Friday, January, 22, 2010 - 1:20 p.m.

After taking statements from other witnesses, the detectives leading the Devlin Beauchamp murder investigation determined that Ms. Webster should be further questioned regarding the Mr. Beauchamp's death. Ms. Webster came in voluntarily in response to the detectives' request for an interview. Ms. Webster was questioned at the Yoknapatawpha County Sheriff's Office by Detective Ted Armstrong.

Detective Ted Armstrong
Mickie Webster

Detective Ted Armstrong: Would you please state your full name and address for the record please?

Mickie Webster: Michelle Kathleen Webster, 1011 Benbow Circle, Oxford.

Detective Ted Armstrong: Webster, there are a few additional questions we want to ask you concerning Mr. Devlin Beauchamp.

Mickie Webster: Of course, ask anything you like. I really want to help. Dev would've liked that.

Detective Ted Armstrong: Excuse me, but you look different.
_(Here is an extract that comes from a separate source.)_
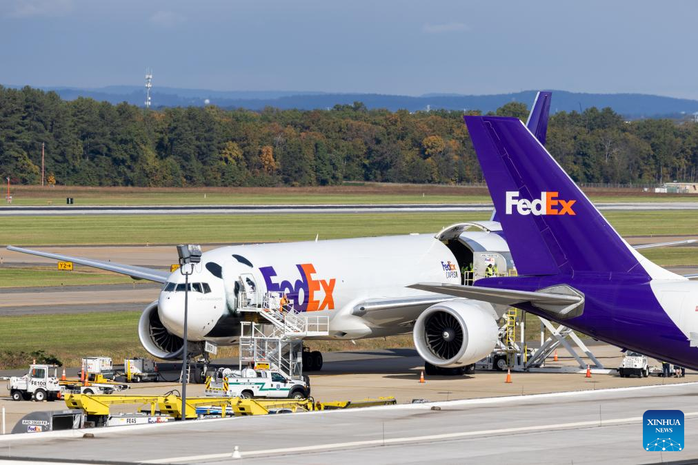 An airplane transporting giant pandas arrives at the Dulles International Airport near Washington, D.C., the United States, on Oct. 15, 2024. A pair of giant pandas, Bao Li and Qing Bao, arrived at Washington, D.C. on Tuesday, after an approximately 19-hour trans-Pacific trip from Sichuan Province in southwest China. A dedicated "FedEx Panda Express" Boeing 777F aircraft landed at the Dulles International Airport near Washington, D.C. at around 10:00 a.m. local time (1400 GMT). (Xinhua/Hu Yousong)

Did you cut your hair or something?

Mickie Webster: A little. And ....I shouldn't admit this because we girls just aren't supposed to...but I also went a bit blonder - actually blonde- a week or so ago.

Detective Ted Armstrong: Any particular reason?

Mickie Webster: Needed a change. Surely you didn't ask me down here to discuss my fashion choices?

Detective Ted Armstrong: No ma'am. I have a few questions about your relationship with Mr. Beauchamp. Your personal relationship.

Mickie Webster: I told you, we were just friends.

Detective Ted Armstrong: I wanted to discuss the time when you were more than friends, Ms. Webster. When did you begin to see Mr. Beauchamp socially?

Mickie Webster: About a year ago, January of 2009.

Detective Ted Armstrong: How did you meet?

Mickie Webster: I worked for him. I had worked there a couple of months. We got along really well. We just had a lot of fun, you know? And I always got his jokes. We connected, you know what I mean?

Detective Ted Armstrong: Oh sure I do. And after a couple of months he just asked you out?

Mickie Webster: Well, we all went out - a bunch of us from the restaurant - I think we were celebrating somebody's birthday...can't remember whose... Anyway, I guess I got a little drunk. Actually a lot drunk. And I got sick and all that disgusting stuff you really don't want to do in front of somebody you want to impress...

Detective Ted Armstrong: You wanted to impress Mr. Beauchamp?

Mickie Webster: I guess I did. Anyway, he just took care of me. I really didn't remember much. But next thing I knew, I woke up in his bed. Now, don't get the wrong idea - he was perfect gentleman - he was sleeping on the floor next to the bed, holding my hand. I guess that's when I really fell for him. After that, we just were together. Seemed the natural thing to do.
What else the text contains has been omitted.